1966 AMC Ambassador Car AdvertIt has been found that the human brain receives signals faster through the eyes than the ears. Apparently, visual appearance is more appealing compared to any of the other senses, no matter what the medium of presentation is. (However, our other senses facilitate visual appeal, so should not be ignored.)

There are methods by which to increase visual appeal – a typical example is colour, when accompanied with audio and writing. Colour helps to make things look more attractive and engaging. Big budget companies spend billions in colour market research, which helps in product and packaging development. Colour, along with content, helps to attract and retain the interest of the viewer. A colourful article will hold the reader’s interest to the end.

Choice of Colour to Influence Behaviour

Colours are known to influence the behaviour of a person. For example, blue is said to have a relaxing effect, while red represents passion and love, so many dating websites have red as their background colour. On the other hand, red can also be associated with anger and evil, so a lot depends on the context in which you are using your colour scheme. Green is often associated with opulence and can be found in finance and banking media.

Lighting and Hue

Lighting effects are also used to create an effect and cause a desired response. Advertisements, especially for food products, have strategically placed lights. This triggers a response in the brain which increases hunger. Likewise, soft shades such as pastels create a mood that is calm and relaxing and are often used for spa advertisements.

Cultures and Colours

Not all colours mean the same in all countries. The same colour can be associated with two totally different occasions or emotions, depending on the culture in which it is used. In most Western societies, black is associated with death whereas in the East, white symbolises death. Likewise, climate plays a role – those living closer to the equator prefer warm colours such as orange, yellow, etc.

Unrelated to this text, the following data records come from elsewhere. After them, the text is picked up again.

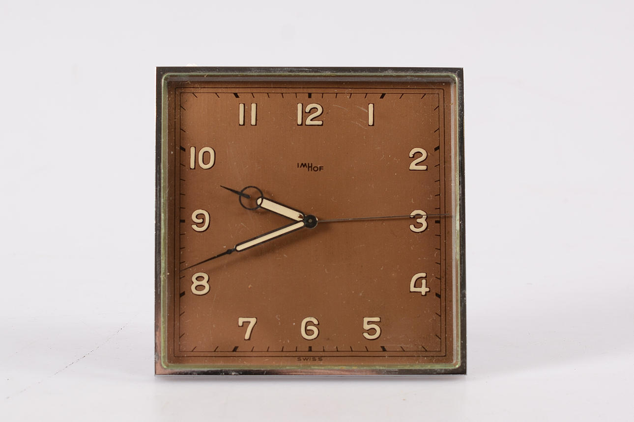 IMHOF, Wecker, 100 x 100 x 25 mm, Gehäuse-Nr. 658660, Weißmetall, mechanisch, 8-Tage-Werk.
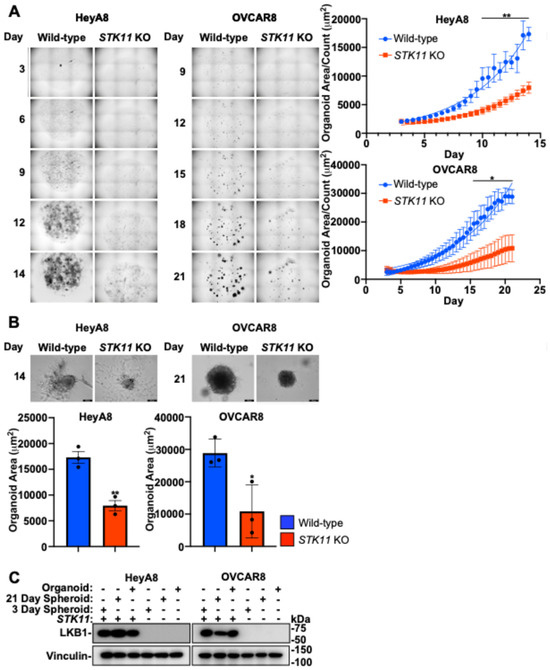 The disruption of the LKB1 pathway through STK11 KO impedes EOC spheroid formation, while downregulating LKB1 or STRADα decreases cell migration, mesothelial clearance, and invasion. We have shown previously in xenografted mice that LKB1 may facilitate the growth and establishment of secondary metastases [26]. To further assess LKB1-STRADα in this final step of advanced EOC pathogenesis, we utilized an in vitro matrix-bound organoid model system to assess metastasis formation. After 14 days (HeyA8) or 21 days (OVCAR8) in culture, LKB1 inactivation decreased the average organoid size, which was exacerbated over time (Figure 7A). Upon termination of the experiment, we assessed the size of individual organoids and verified that LKB1 inactivation decreased the organoid size. As observed in Matrigel-embedded spheroids (Figure 4), STK11 KO reduced cell invasion from these Cultrex-embedded organoids, suggesting that this phenotype is reproducible in different matrices and 3D model systems of EOC (Figure 7B). Following analysis, organoids were lysed and subjected to SDS-PAGE and immunoblotting alongside 3- and 21-day spheroids to verify STK11 KO (Figure 7C). Therefore, LKB1 may be important for the establishment of metastatic niches, as organoid growth and matrix invasion are enhanced by intact LKB1 signalling.
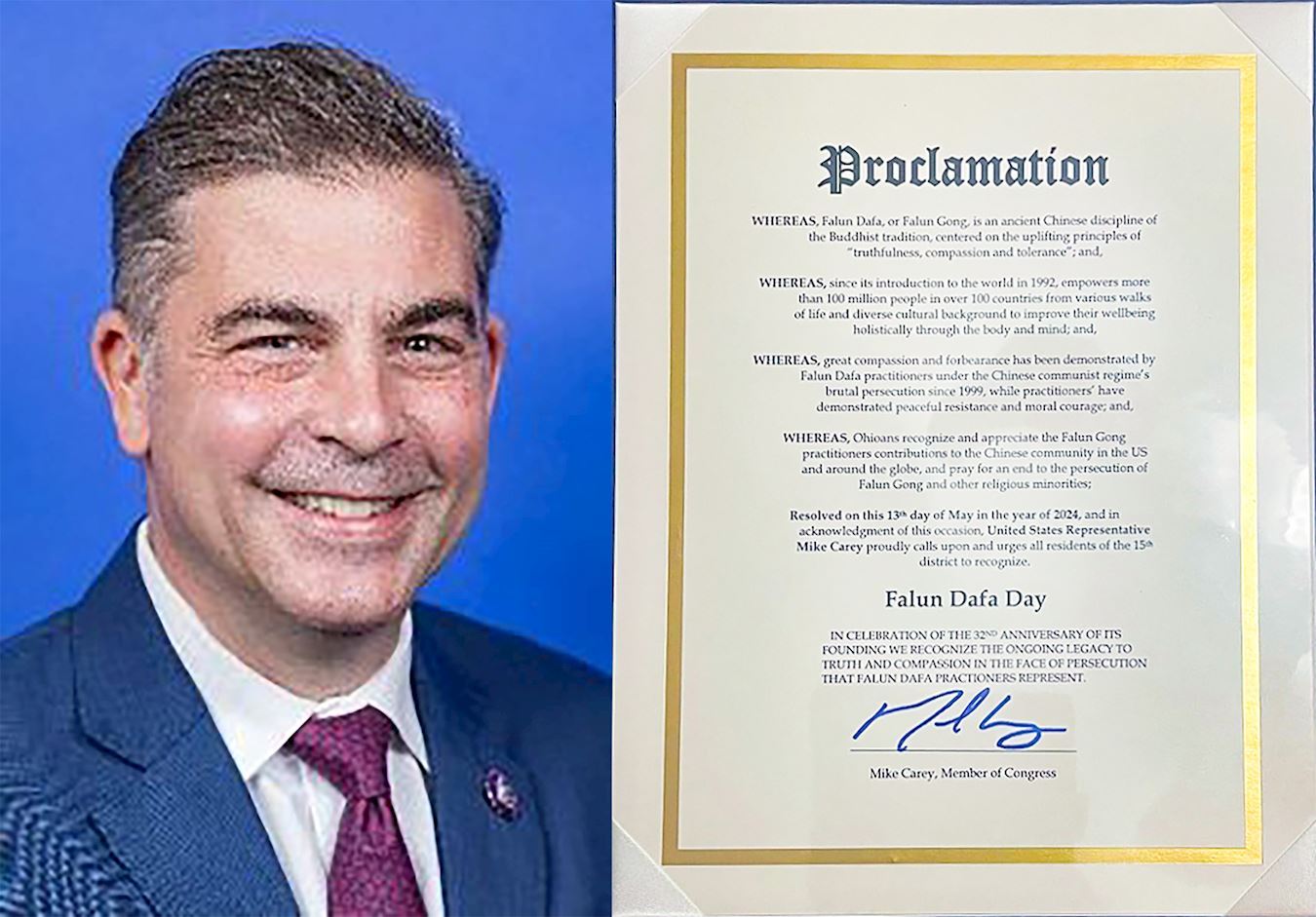 俄亥俄州议员麦克・凯里(Mike Carey),以及伊格尔伍德市市长凯茜・麦克格雷尔(Cathy McGrail)、皮克林顿市市长李・格雷(Lee A.Gray)、代顿市市长小杰弗里・米姆斯(Jeffrey J.Mims Jr.)、梅森市市长戴安娜・纳尔逊(Diana K.Nelson)、希利亚德市议会主席辛西娅・弗米利恩(Cynthia Vermillion)宣布五月十三日为“法轮大法日”。
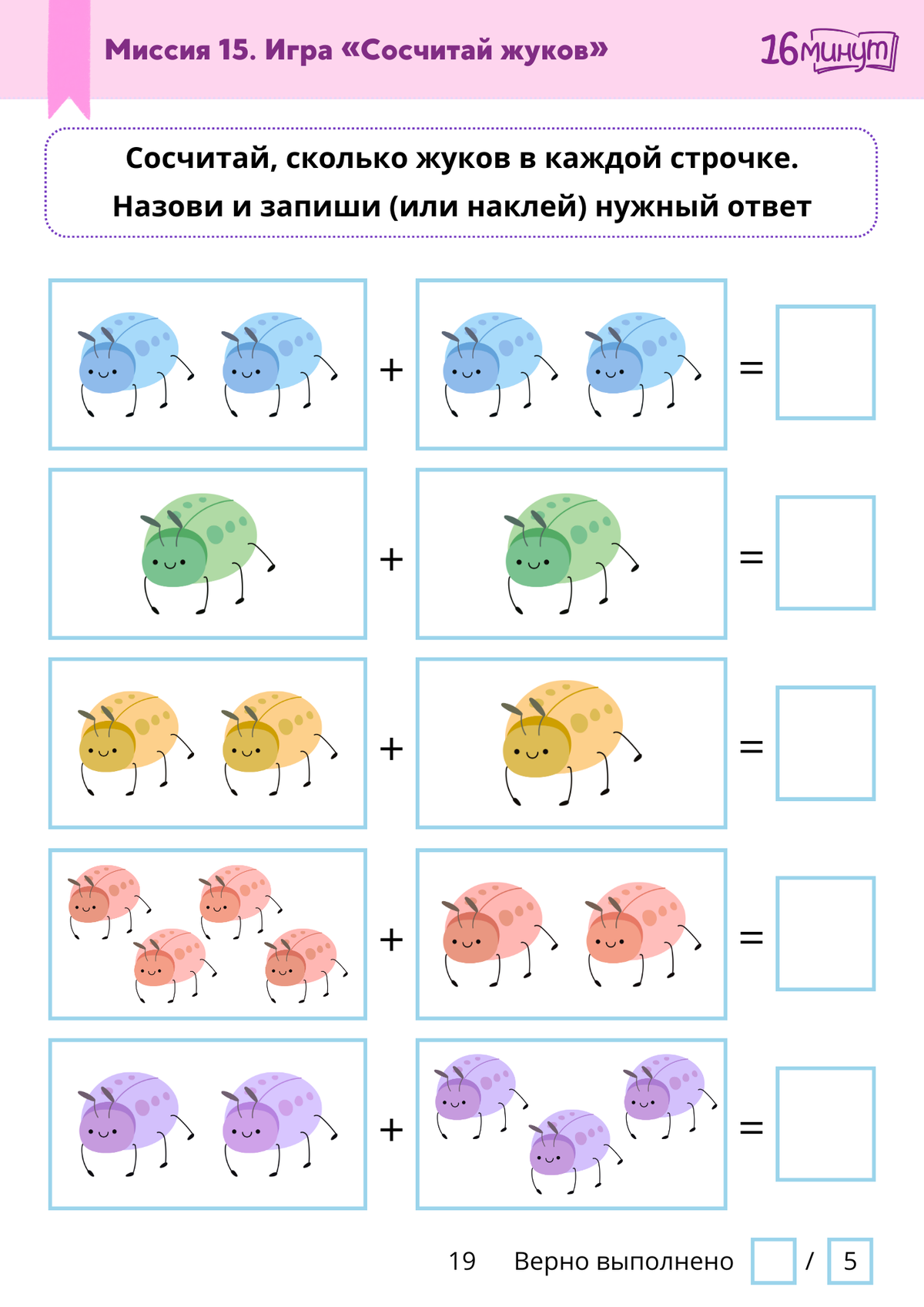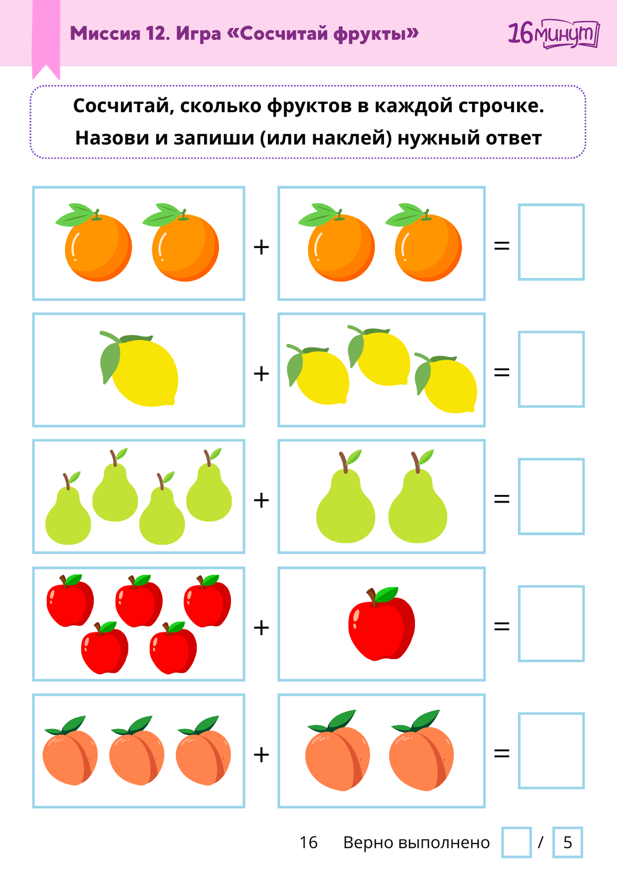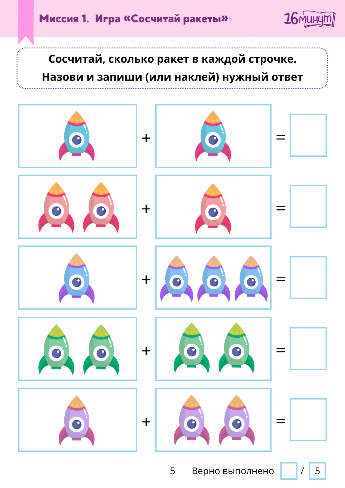 Ребёнок в игровой форме научится считать и складывать предметы в пределах семи. Задания тетради развивают логическое мышление, память и внимание.
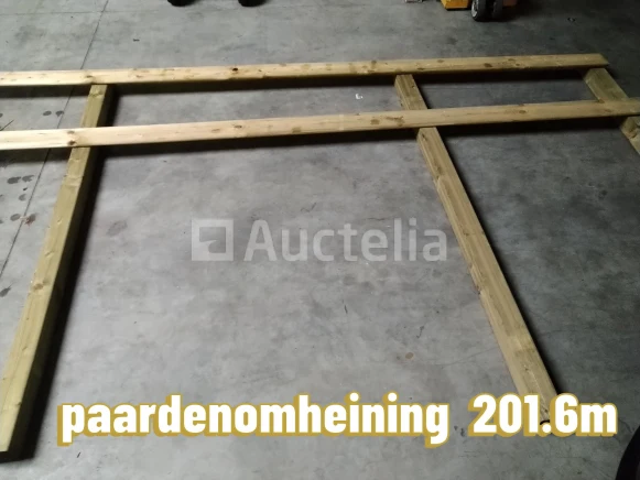1x Paarden weide omheining, 201,6 meter, onder druk geïmpregneerd grenen, 113 palen van 210cm., 112 planken van 360cm., 904 schroeven. Let op! Dit is een bouwpakket
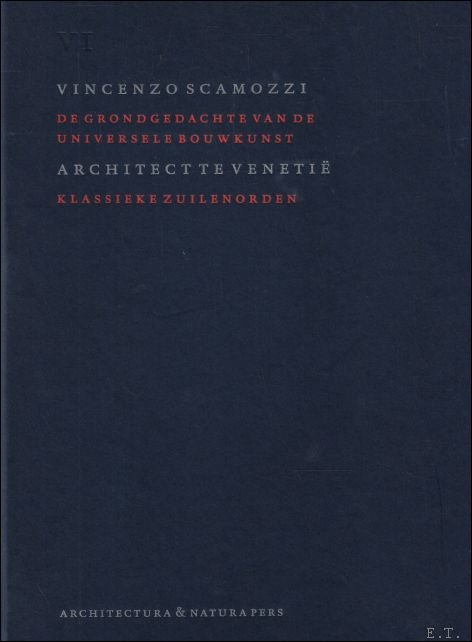 Gebonden in blauwe band,orig. in-folio, NL.editie, 362 pp. 325 x 245 x 35 mm, afb. in kleur en zw/w., in zeer goede staat. ISBN 9789071570926. De Italiaanse architect Vincenzo Scamozzi (1548-1616) was de opvolger van Andrea Palladio en schreef een belangwekkend architectuurtractaat over klassieke architectuur. Hij haalt daarin veelvuldig zijn collega architecten aan en met name ook zijn grote voorbeeld uit de oudheid, Vitruvius. Reeds twee delen uit een reeks van drie publicaties zijn in een nieuwe vertaling verschenen. De oorspronkelijke tekst is in het Italiaans en was in de Gouden Eeuw van groot belang voor onder meer de bouw van de Amsterdamse grachtengordel. Om die reden is destijds ook al een aantal boeken van Vincenzo Scamozzi vertaald in het Nederlands. Voor het eerst verschijnt de serie ook in het Engels. De boeken zijn geillustreerd met recent beeldmateriaal en met prenten uit de originele boeken.isbn: 9076863164
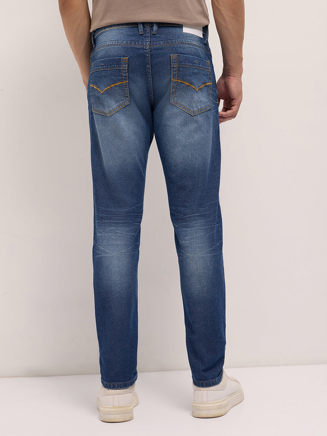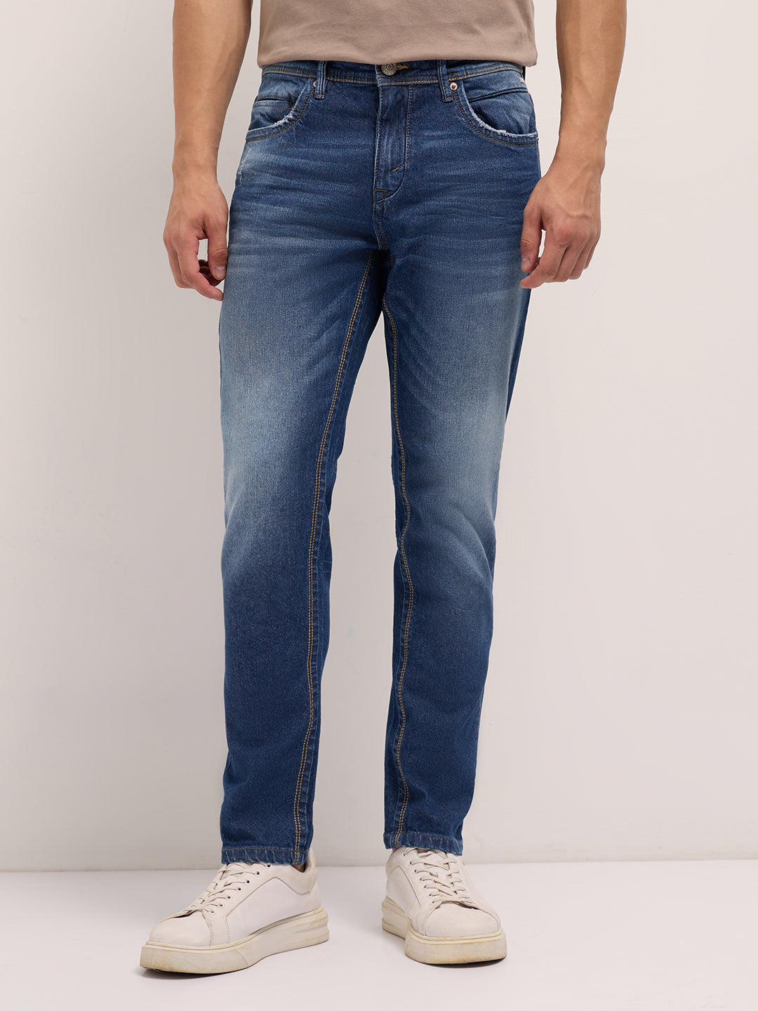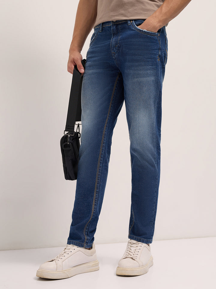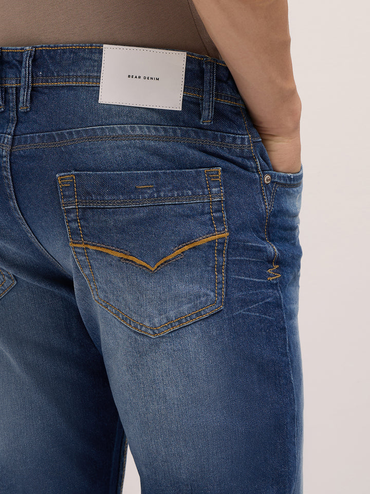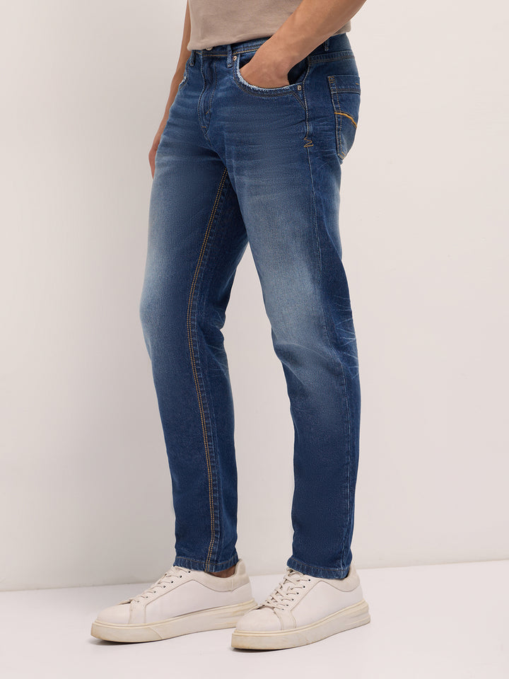 Mid Blue Mid-Rise Slim Fit Jeans with Mid Fade
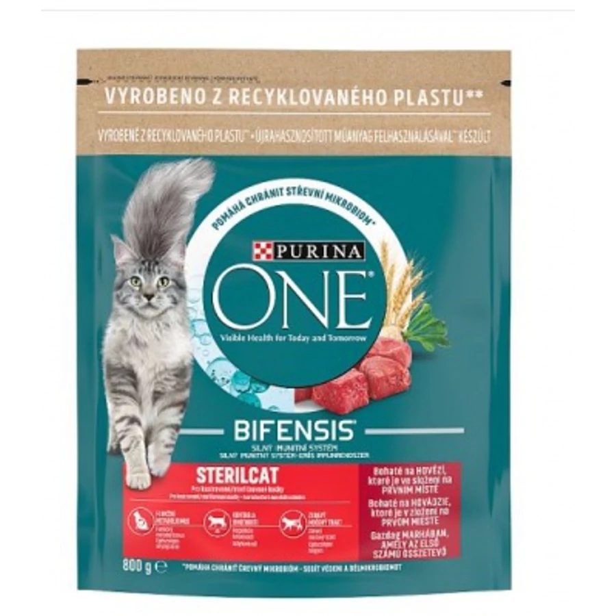 Látható egészség most és a jövőben is Purina One® Sterilcat formulájának az ivartalanított macskák igényeihez igazított tápanyagprofilja van. A kiegyensúlyozott bélmikrobiom alapvető fontosságú macskája megfelelő egészségéhez. Közvetlen hatása van a macska immunrendszerére. A mikrobiom olyan ökoszisztéma, amely minden macskában egyedi, bélben élő mikroorganizmusok billióiból áll. A mikroorganizmusok egyensúlya fontos a macska emésztőrendszere egészségének, immunrendszerének és összességében a jóllétének kedvező befolyásolásához. Purina One® Bifensis® táplálékformula jótékony hatású baktériumot tartalmaz: ez a lactobacillus, amely tudományosan bizonyítottan kívül-belül erősíti macskája immunrendszerét, és segít védeni az egészséges bélmikrobiomot.
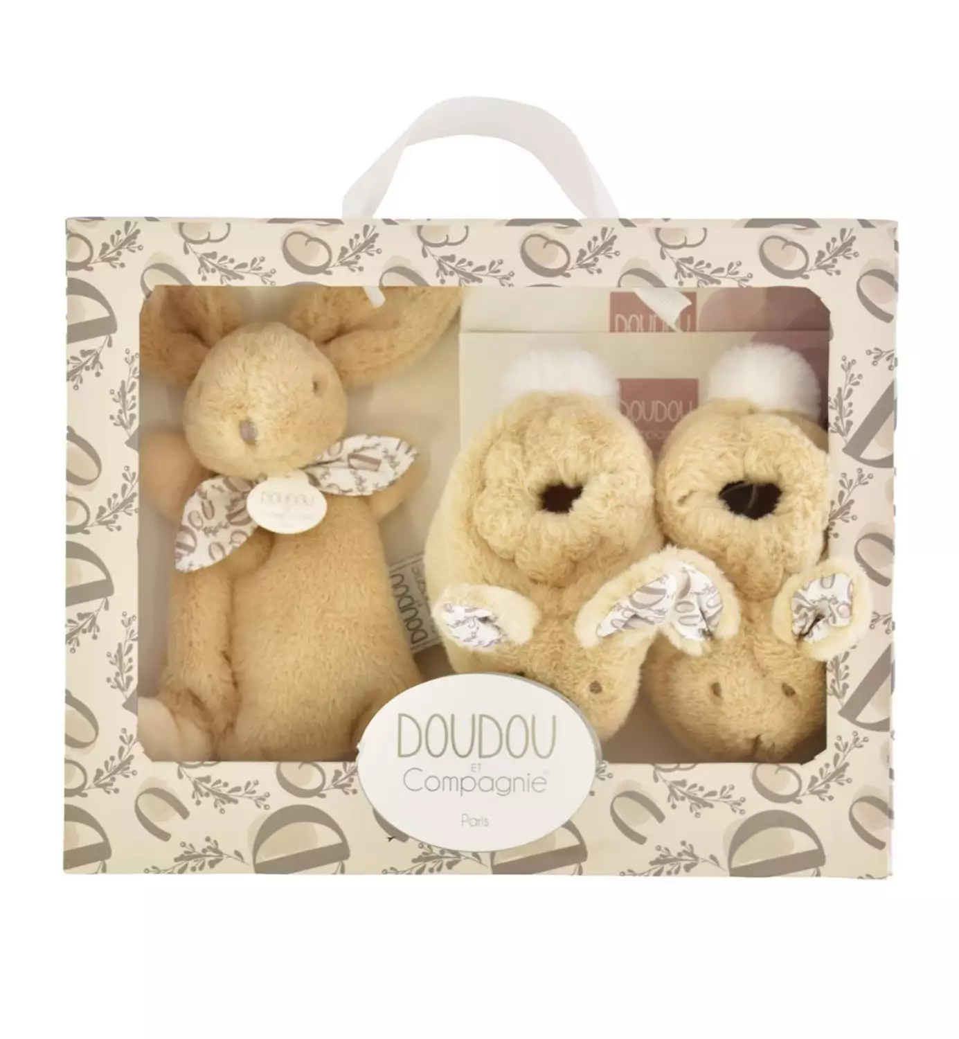 Pörröiset tossut ja pupu-unilelu - tyylikäs lahjapakkaus on helppo ja kaunis lahja esimerkiksi babyshowereille, tai kun menet tapaamaan pientä vastasyntynyttä ensimmäistä kertaa.
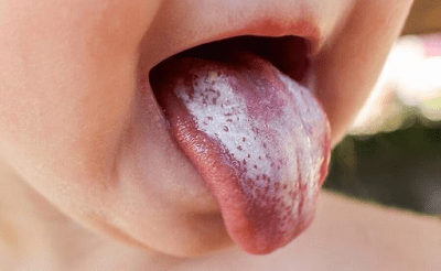 Білі сирні скупчення, або пластівцевий наліт, або дрібні сирні скупчення в порожнині рота на набряклій слизовій оболонці щік, неба, язику, позіхання на тлі гіперемованих тканин рота. Заїди та тріщини в куточках рота через сухість.
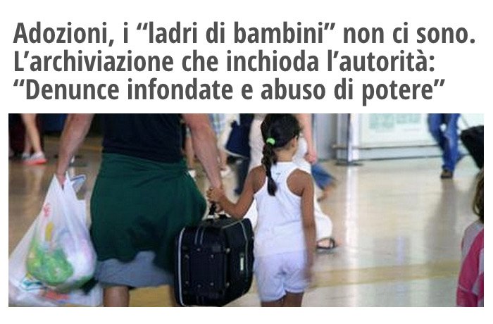 Riportiamo la nuova inchiesta Thomas Mackinson per Il Fatto QuotidianoAdozioni, i “ladri di bambini” non ci sono. L’archiviazione che inchioda l’autorità: “Denunce infondate e abuso di potere”
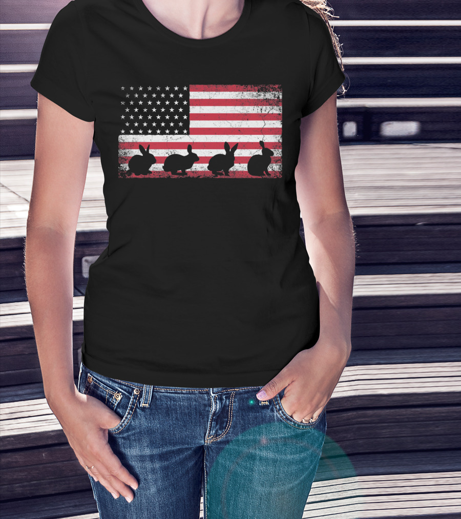 The American Flag Bunny Rabbit Silhouettes Retro Easter T-shirt is designed for everyday wear and a consistent fit. Fabric is pre-shrunk ring-spun cotton with durable stitching. See the size chart below for exact measurements.

Common Colour Associations

It’s important for an advertiser to understand colour associations of their audience. Here are some common associations:

  • Black: elegance, sophistication, seduction, mystery
  • White: peace, pure, clean, mild, youthful
  • Gold: prestige, luxury, elite
  • Silver: prestige, scientific, cold
  • Yellow: warmth, happiness, cheerful
  • Orange: warmth, playfulness, vibrant
  • Red: love, excitement, strength, passion, danger
  • Pink: nurture, sweet, soft, security
  • Green: nature, fresh, fertility and abundance
  • Blue: cool, trust, belonging, reliability
  • Purple: spiritual, royalty, dignity

Common Colours for Different Advertising Markets

The choice of colour for your company branding and advertising is important to the message about yourself that you want to convey to your market. For example, black, blue, red and orange attract impulsive buyers, whereas smart shoppers are attracted to pink, light blue and navy blue.

Advertisements for children generally have bright and vibrant colours such as yellow, red, blue and green. These are the primary colours and attract children, and represent warmth, sweetness, trust, reliability, playfulness and security.

Remember, It’s Not About You

Remember to use colours that ‘talk’ to your market. Avoid using your own favourite colours and preferences. Identify who your market is, what message you wish to convey and create your campaign appropriately.